This is a technical overview of how ClearChat works for those who are interested in specifics. You do not need to read or understand any of this to use ClearChat correctly unless you are the admin for your company in which case you might choose to just read the section on authentication.

TL;DR  Each message is encrypted then HMAC’d with a randomly generated unique 256 bit key using AES-CTR, hereafter the “AESEphemKey”. Then, for every participant who must receive the message, the AESEphemKey is encrypted with the participant’s 512 bit secp256k1 elliptic curve public key and that encrypted AESEphemKey is added to the top of the ciphertext as a header. The whole thing is signed using ECDSA and SHA256, and then the information is sent to the server and relayed to the receiving clients. Each receiving client checks the signature, finds their header, decrypts the AESEphemKey using their private key, and then decrypts the main ciphertext using this AESEphemKey. Sending files works similarly except that files are split, compressed, encrypted, and sent in pieces to speed things up. Key authentication is taken care of by an admin at your company; if users trust the admin then they do not need to all verify each other’s keys.

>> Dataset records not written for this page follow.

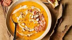 SOUPE DE BUTTERNUT, TARTINES AU REBLOCHON ET LARD FUMÉ
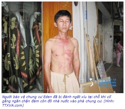 Khi chúng tôi chạy xuống được đến tầng trệt thì chứng kiến cảnh bảo vệ chung cư ngăn không cho vào vì bọn người này không xuất trình được giấy phép và chưa có mặt đại diện của chung cư theo Luật chung cư. Người bảo vệ này đã bị hành hung tàn nhẫn, có tính chất côn đồ bởi một người mặc áo xanh (sau này tôi mới biết được là cán bộ tư pháp phường Bến Nghé, tên Tiến), người này túm lấy tóc của bảo vệ chung cư, đánh liên tục vào ngực, đầu, mặt đến khi bảo vệ chung cư bất tỉnh tại chỗ. Chúng tôi bất lực chứng kiến cảnh tượng ghê rợn đó, cửa chung cư bị phá và hàng trăm nhân viên an ninh tràn vào chung cư. Trước cảnh tượng quá kinh sợ và quá bất ngờ, chúng tôi đành bất lực đứng nhìn cảnh chính quyền thực hiện hành vi vô pháp luật. Họ cho xe thang đến để tháo gỡ các biểu ngữ ghi những bất bình của người dân khu Eden. Họ điên rồi!
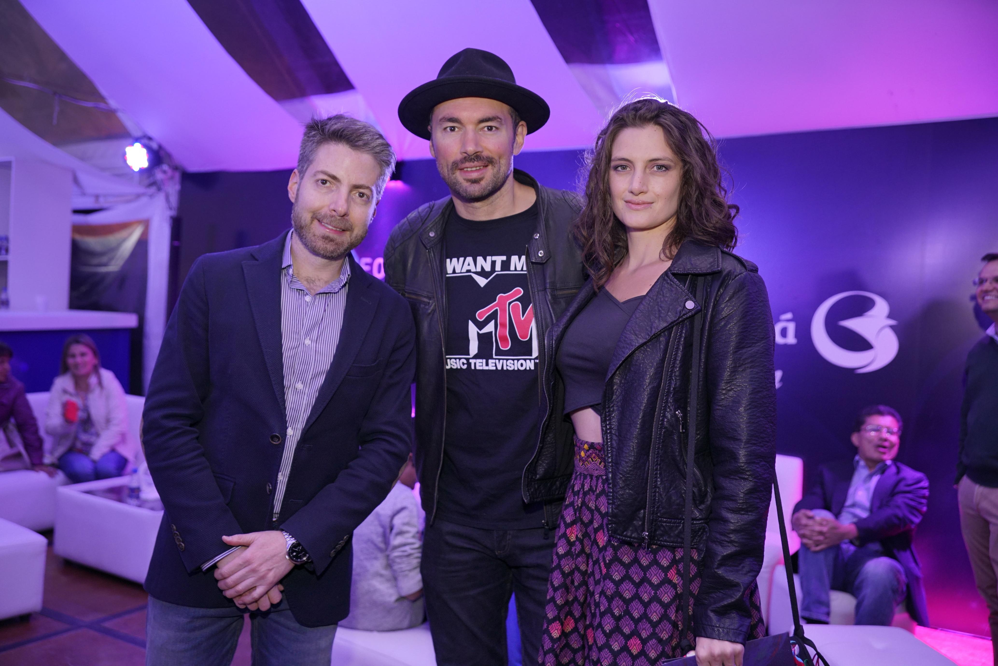 José Manuel Ayerbe, vicepresidente de Mercadeo del Grupo Aval; en compañía de Santiago Cruz y María Paz Mateus durante el coctel que ofrecieron Grupo Aval y Banco de Bogotá en el marco de la presentación del Cirque du Soleil.

Handy list of things that ClearChat (the company) can see:

  • The IP of connected ClearChat clients
  • The time that you connect and disconnect from the server
  • The sender and receiver of messages
  • The approximate size of messages or files
  • The names of groups

List of things that ClearChat (the company) cannot see:

  • The content of messages
  • The content of files
  • The names of files

And when we say that we “cannot see” these things, we do not mean that employees are forbidden from seeing these things; we mean that we have specifically engineered the system such that no honest ClearChat employees, malicious ClearChat employees, or hackers who hack our server will be able to see the content of your messages or files. At no point does unencrypted message data pass through or exist on our servers either on disk or in memory. This is fundamentally different from other services who protect messages with SSL: in that case the data is necessarily decrypted at the server. With ClearChat clients, SSL isn’t necessary at all; we debated whether to even bother with it.

More details!

  1. Creating keys
  2. Creating the company
  3. Adding users
  4. Authentication
  5. Sending and receiving messages
  6. Auto-updates

Creating keys

To generate your encryption keys and your address, this process is used. The first half is almost exactly what is done with modern Bitcoin wallets; the second half is what is done in Bitmessage.

  1. Using Python’s os.urandom module, 132 bits of random data is generated
  2. These 132 bits are used to select 12 words from the word list
  3. These 12 words are saved as the “seed”. This seed can be viewed in the ClearChat UI.
  4. PBKDF2 is used to “stretch” the seed. It uses a hard-coded salt, 4096 iterations, and SHA512.
  5. This seed is then appended with a nonce so that we can, in the future, generate more addresses from this same seed.
  6. The seed and nonce are then hashed twice with SHA512.
  7. The first 32 bytes of this hash constitutes our ECC private signing key.
  8. The nonce is then incremented and we double-hash again. This hash constitutes our ECC private encryption key.
  9. A pair of ECC point multiplications on the secp256k1 curve are done to turn the private keys into public keys.
  10. The public signing key and the public encryption key are together hashed using SHA512 and then RIPEMD160.
  11. A version number (currently 1) is prepended to the front of the RIPE data and a checksum is appended to the end. This is encoded using base58, and “CH-” is prepended onto the front to differentiate it from Bitmessage and Bitcoin addresses. This is your address.
  12. Your keys are encoded in Wallet-Import-Format and saved in the keys.dat file.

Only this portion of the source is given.